Magazine / People

Geographer spreads the word about Colorado wines

Kyle Schacter pours wine at a tasting

Alumnus Kyle Schlacter, a promoter of Colorado wines, pours for DU geography professors at a wine tasting on campus in March. Photo: Wayne Armstrong

Kyle Schlachter (BS environmental science ’03) turned his passion for dirt into a love of wine. The geography PhD student studies and markets the Colorado wine industry for a living.

Schlachter began writing his dissertation on lake sediment and fire reconstruction but became distracted by his developing interest in wine.

So he switched gears, turning his hobby into a career.

“Everyone talks about eating local, but nobody really talks about drinking local. I knew that Colorado had a good wine industry that not a lot of people knew about. I wanted to get into that,” Schlachter says.

His new research topic focuses on how the Colorado wine industry uses geography to market its wines.

Schlachter is a certified specialist of wine through the Society of Wine Educators and wants to teach a university-level geography of wine class.
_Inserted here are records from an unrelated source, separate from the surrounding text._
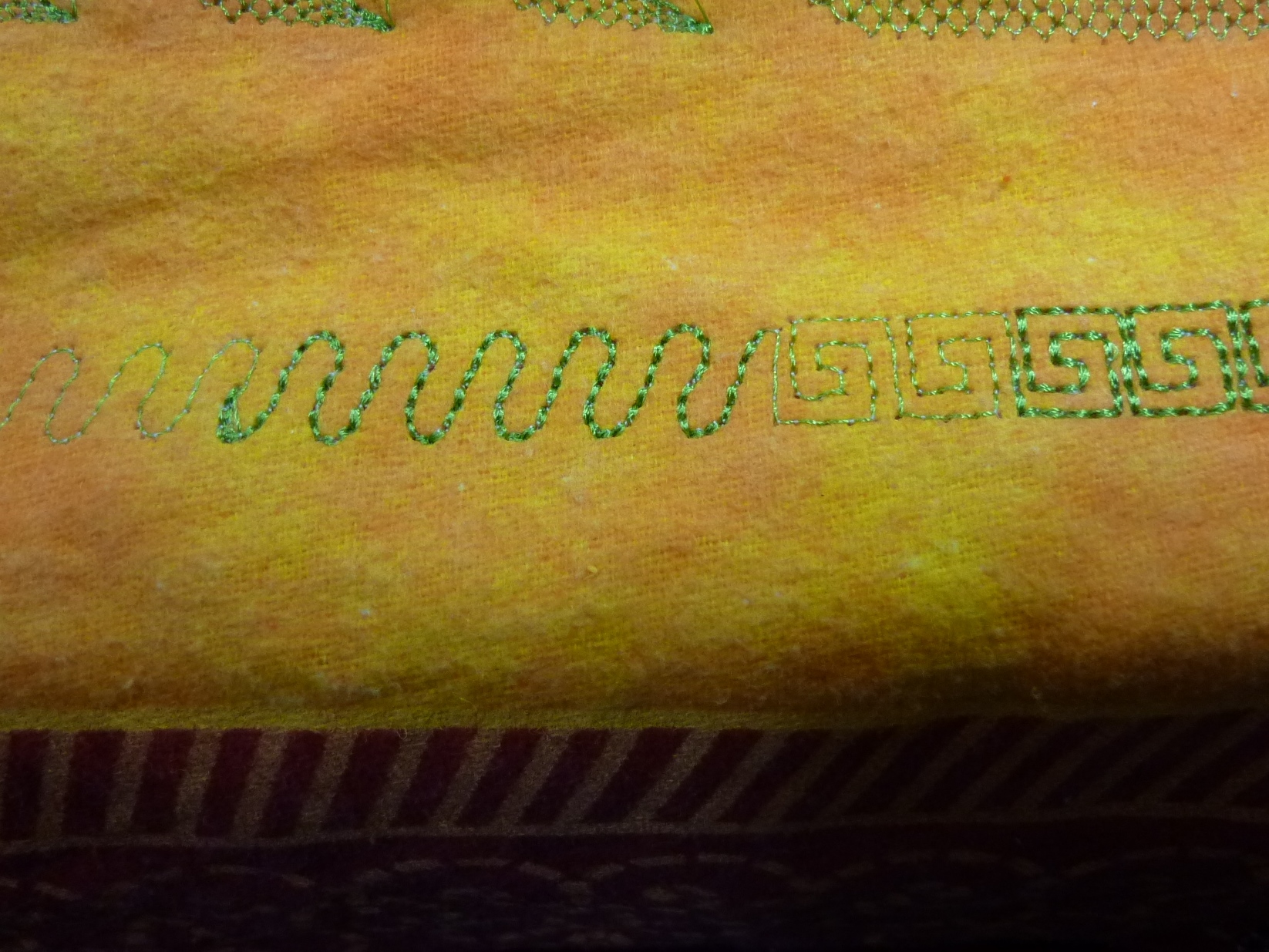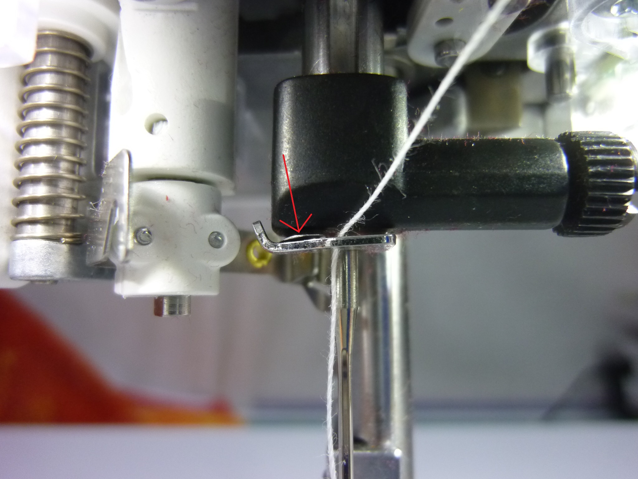 Z.B. hatte ich zu Beginn große Schwierigkeiten, die letzte Fadenführungsöse vor der Nadel einzufädeln. Der Faden hing immer links fest und wollte nicht in die Mitte der Öse rutschen, wie ich es gewohnt war. Bis ich ihn endlich an die richtige Stelle gezwungen hatte, war der Faden leicht beschädigt oder sogar gerissen (30er Rayonstickgarn, also dickeres als normalerweise). Erst ärgerte ich mich und meinte, es sei eine fehlerhafte, scharfkantige Öse angebracht worden, bis ich mir (nach 3 Tagen!) die Mühe machte, die Stelle genau zu untersuchen. Bei meinen Maschinen ist die entsprechende Öse nur ein einfacher waagerechter Haken, in den der Faden von links reingeschoben wird, und aus der er auch manchmal wieder herausspringt, was nicht besonders hilfreich für das Nähen ist. Jetzt wurde parallel zum Haken ein flaches Metallfederblättchen angefügt, das das Wiederherausspringen verhindert, dafür aber ein klein wenig mehr Beachtung beim Einfädeln erfordert.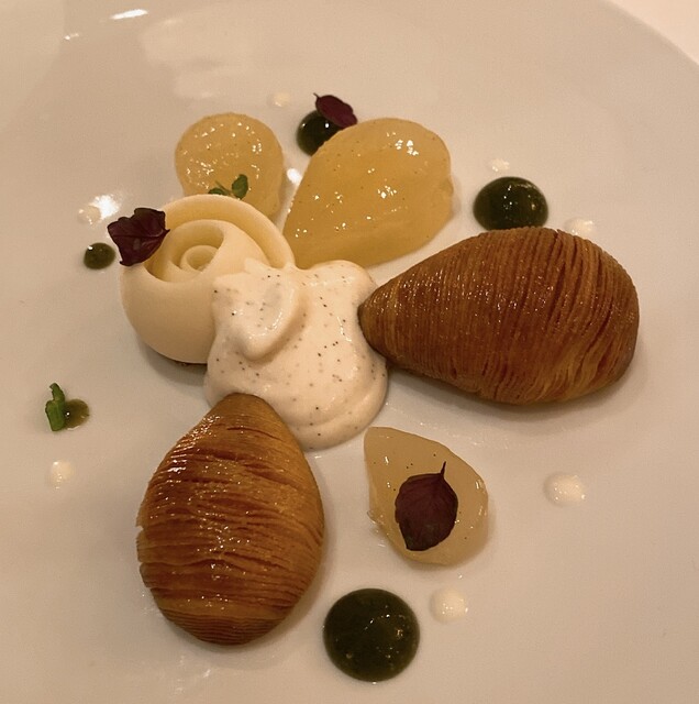 梨とアイスクリームのデセールは、なんとクロワッサンを添えている。食感の対比を楽しませる意図があろうが、これは理解するのが難しかった。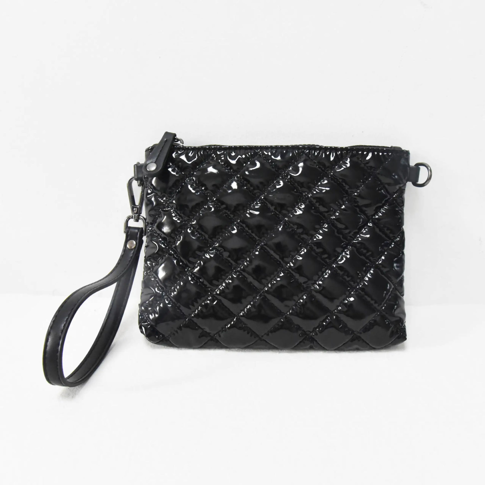 Our newest addition, the diamond puffer collection is on trend with its patent lacquer finish in four beautiful color. The traditional Black Patent, the Gunmetal Patent, the Gold Metallic Patent and the Almond Patent. Great for everyday or on the go! Comes with detachable striped handle strap for easy carrying.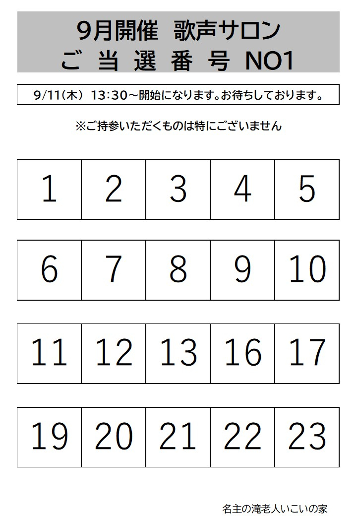 9月開催歌声サロンの抽選結果を発表させていただきます。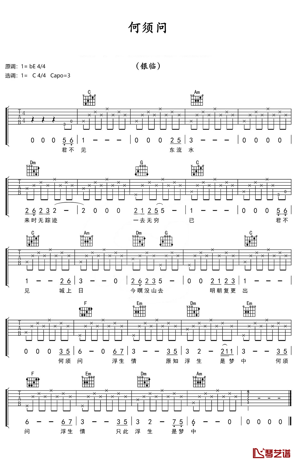 何须问吉他谱 - 银临 - 吉他弹唱谱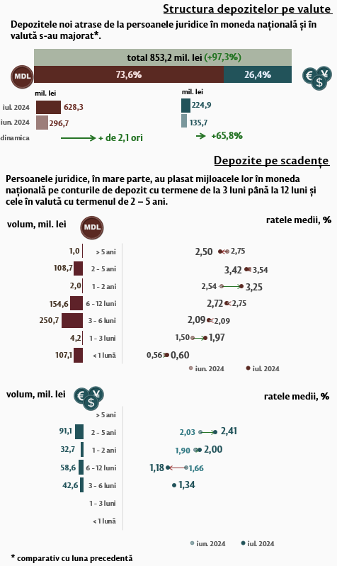 În iulie 2024, comparativ cu luna precedentă, depozitele în moneda națională ale persoanelor juridice (Infografic 3) s-au majorat de 2,1 ori, iar cele în valută cu 65,8 la sută. Depozitele în moneda națională ale persoanelor juridice au constituit 628,3 milioane lei, iar cele în valută – 224,9 milioane lei.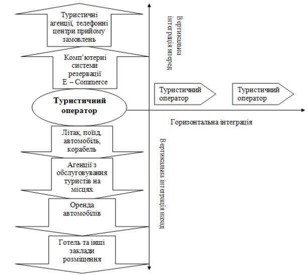 вертикальної інтеграції, в туризмі набула поширення горизонтальна інтеграція -
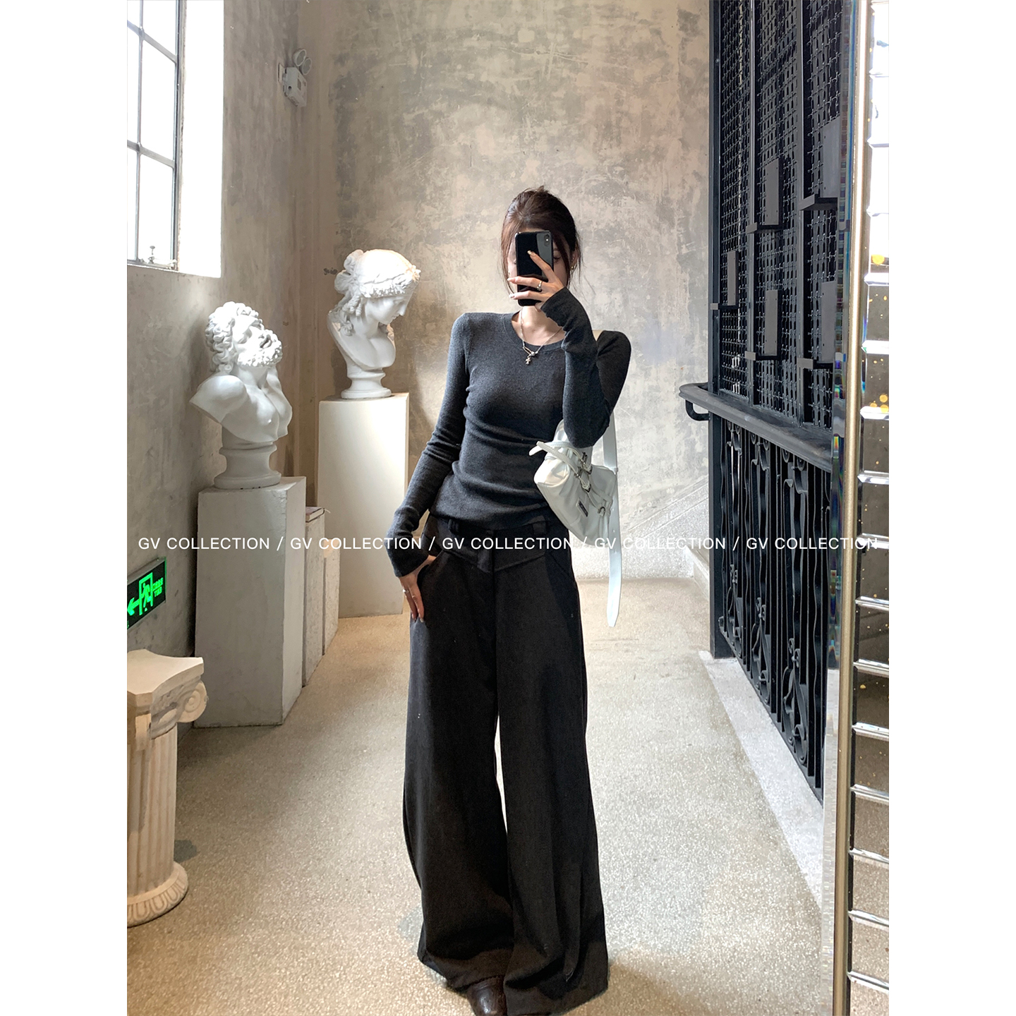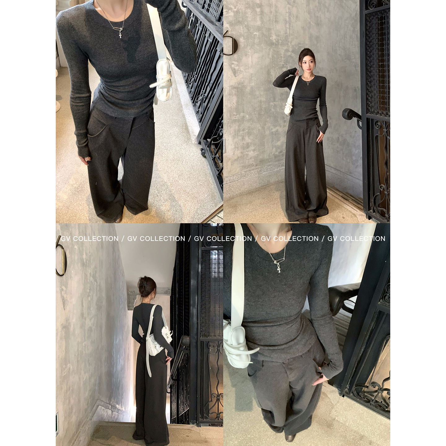 GV大白哥 基础好穿 圆领前后两穿美丽诺羊毛针织衫打底衫上衣外穿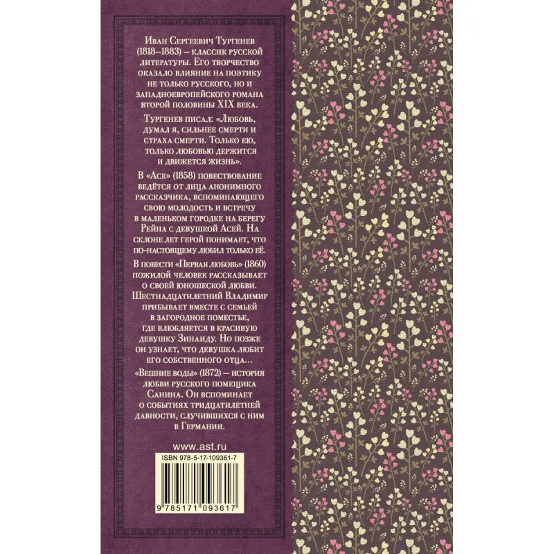 Иван Сергеевич Тургенев (1818 - 1883) - классик русской литературы. Его творчество оказало влияние на поэтику не только русского, но и западноевропейского романа второй половины ХIХ века. В книгу вошли повести Ася, Первая любовь, Вешние воды, которые изучаются в школе.
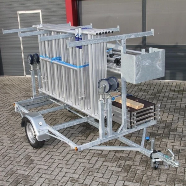 Let op: De aanhanger is alleen te huur voor een dagdeel en in combinatie met een van onze steigers.
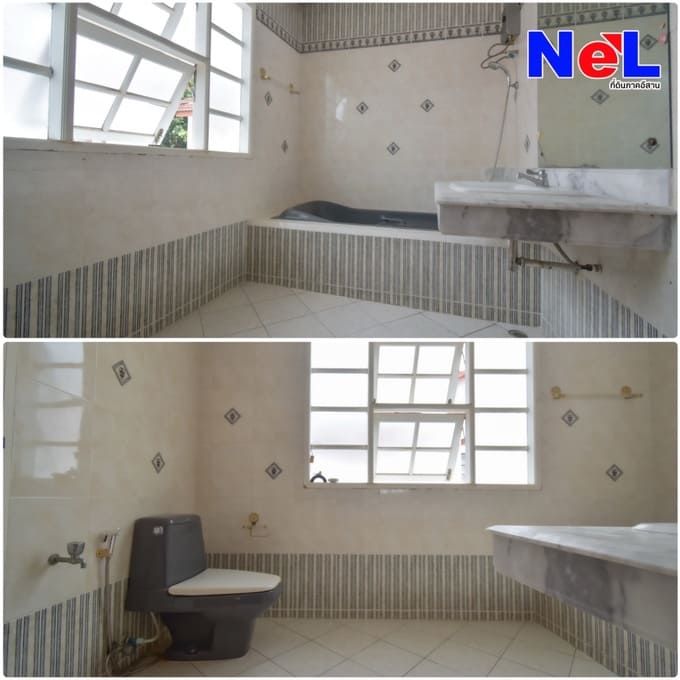 - 1 ห้องน้ำใหญ่พิเศษ มีหน้าต่างสไตล์ยุโรป มีอ่างอาบน้ำและสุขภัณฑ์ที่ถูกตกแต่งด้วยโทนสีขาว-เทาสะอาดตา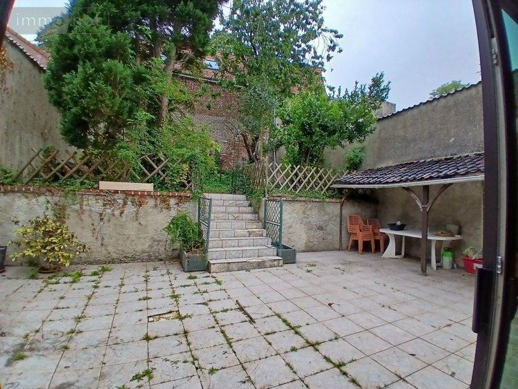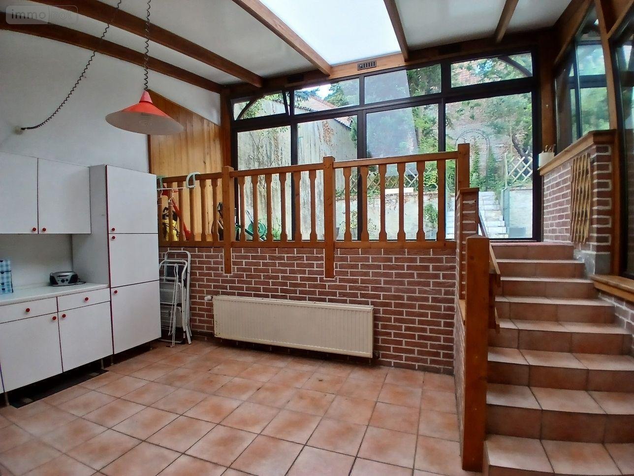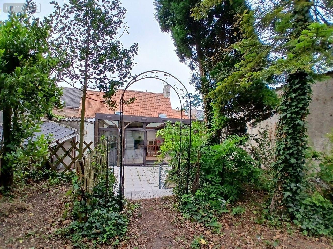 Accès à une véranda donnant sur une grande terrasse avec abri bois, et un jardin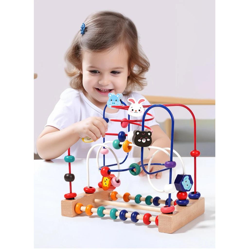 Деревянные игрушки Лабиринт из бисера Красочные животные Фрукты Формы Обучающие счетные обучающие круглые игрушки Детские классические подарки для малышей

He has a syllabus ready to go in case the opportunity presents itself.

Currently, he is the research and outreach coordinator for the Colorado Wine Industry Development Board — a subset of the state department of agriculture — which funds research, informs the public and markets Colorado wines.

Through his research and work, Schlachter discovered that the biggest misconceptions about Colorado wines are that the state’s climate is too cold to grow grapes and that the wines are of poor quality and overly sweet. In reality, he says, the dichotomy of hot summer days and cool evenings gives grapes really good flavor, producing high-quality merlots, cabernet francs, Rieslings and other varietals. Many people prefer Colorado wines to expensive French and Italian wines in his quarterly blind tastings, Schlachter says.

Colorado is home to nearly 100 boutique wineries across the state, but 85–90 percent of the grapes grow in the Grand Valley near Palisade and Grand Junction due to the region’s ideal climate.

In addition to his other endeavors, Schlachter enjoys writing his wine blog, Colorado Wine Press, and likes that his work combines the human and environmental aspects of science.

“I went from more of a physical scientist to a cultural scientist, which I never thought I would,” he says. “It’s a lot more interesting to tell people I study wine rather than lake mud — although it was fun to say I was a paleolimnologist.”